Description: Specialization: if a formula is true for all sets, it is true for any class which is a set. Similar to Theorem 6.11 of [Quine] p. 44. See also stdpc4 1799 and rspsbc 3090. (Contributed by NM, 16-Jan-2004.)

Assertion

Ref	Expression
spsbc	|- ( A e.
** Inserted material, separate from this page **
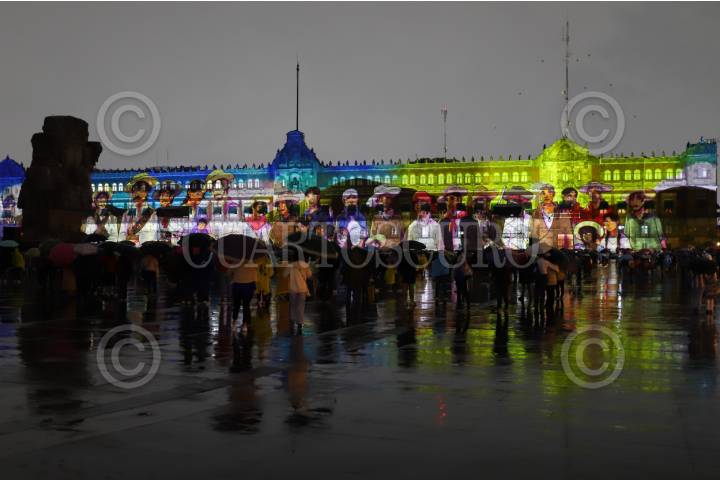 CIUDAD DE MÉXICO, 16JULIO2025.- Proyección de "Memoria Luminosa" sobre Palacio Nacional. FOTO: DANIEL AUGUSTO/ CUARTOSCURO.COM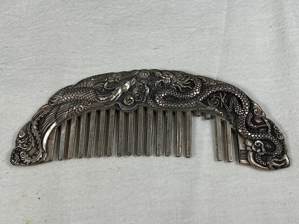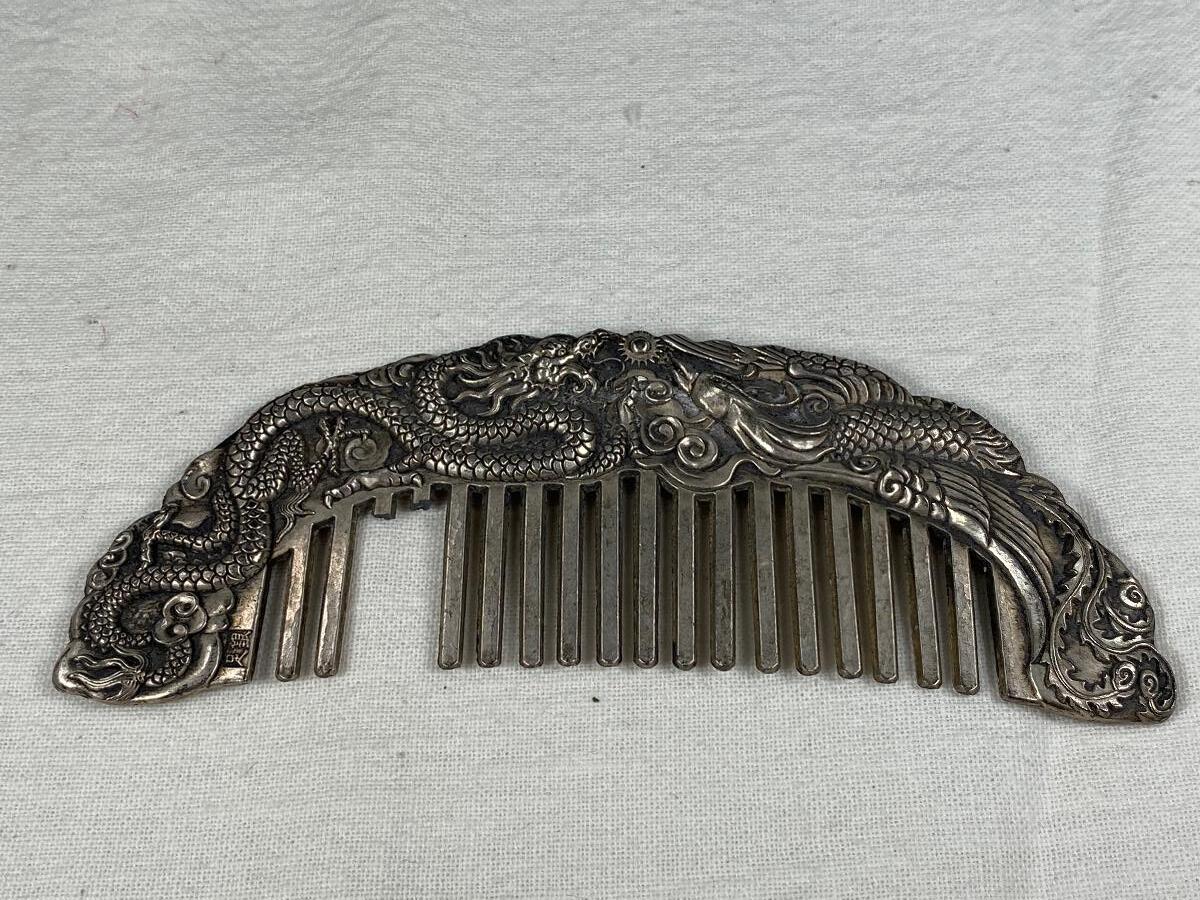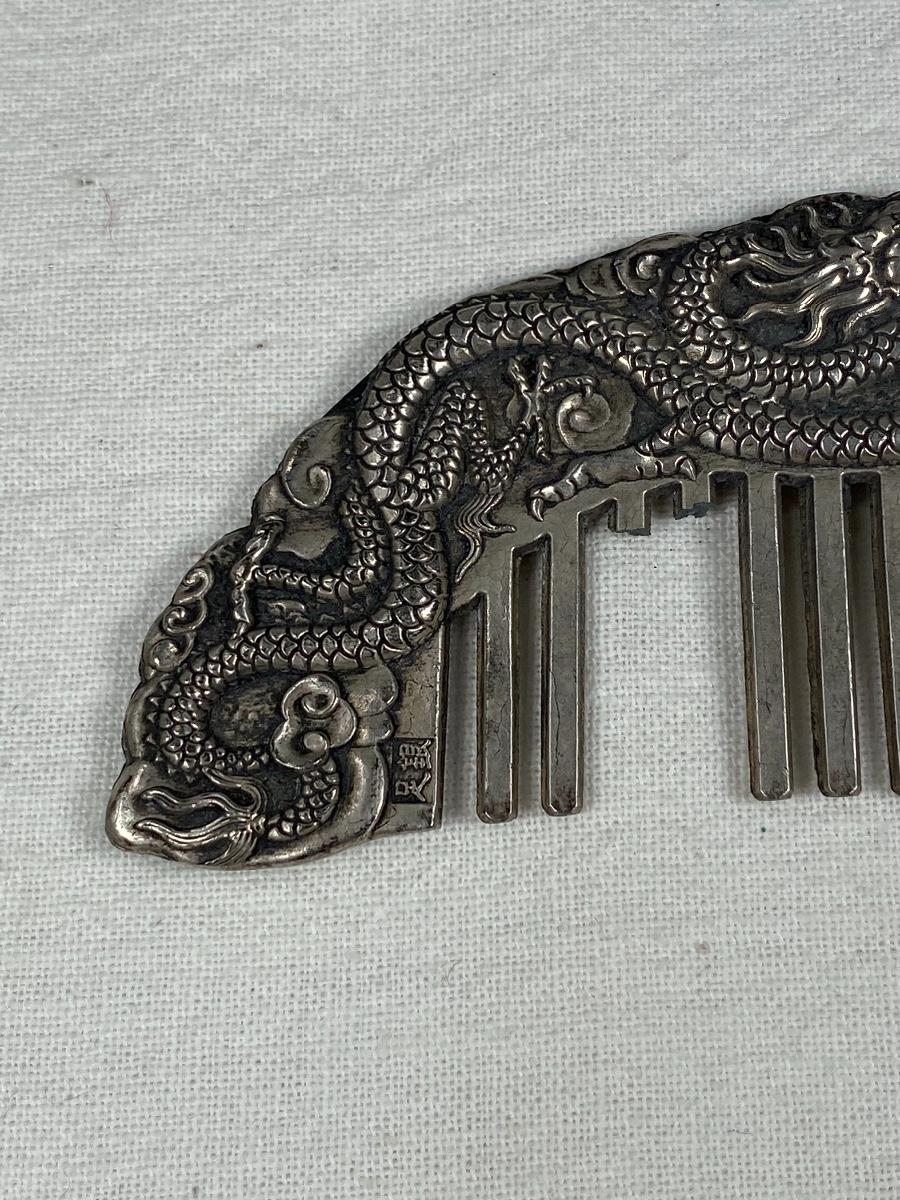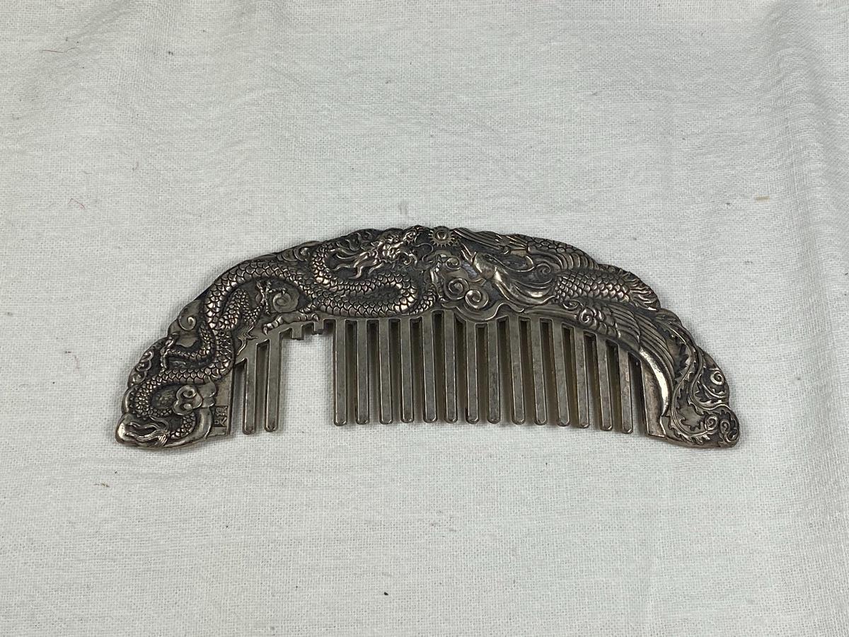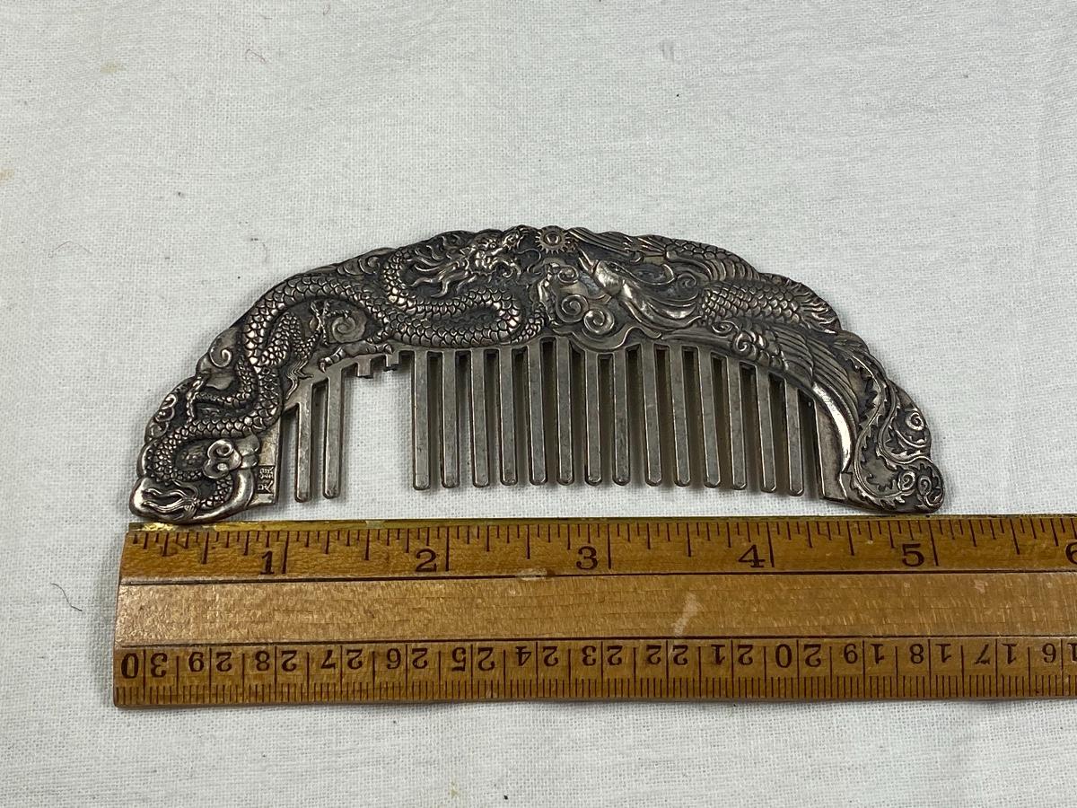 Vintage metal hair comb. Features a dragon and crane embossed pattern. It is missing a couple of teeth. About 5" size. No sterling marks but their is an Asian stamp of characters near bottom on side closes to broken teeth.

V -> ( A. x ph -> [. A / x ]. ph ) )

Proof of Theorem spsbc

Dummy variable y is distinct from all other variables.

Step	Hyp	Ref	Expression
1		stdpc4 1799	. . . 4 |- ( A. x ph -> [ y / x ] ph )
2		sbsbc 3010	. . . 4 |- ( [ y / x ] ph <-> [. y / x ]. ph )
3	1, 2	sylib 122	. . 3 |- ( A. x ph -> [. y / x ]. ph )
4		dfsbcq 3008	. . 3 |- ( y = A -> ( [. y / x ]. ph <-> [. A / x ]. ph ) )
5	3, 4	imbitrid 154	. 2 |- ( y = A -> ( A. x ph -> [. A / x ]. ph ) )
6	5	vtocleg 2852	1 |- ( A e. V -> ( A. x ph -> [. A / x ]. ph ) )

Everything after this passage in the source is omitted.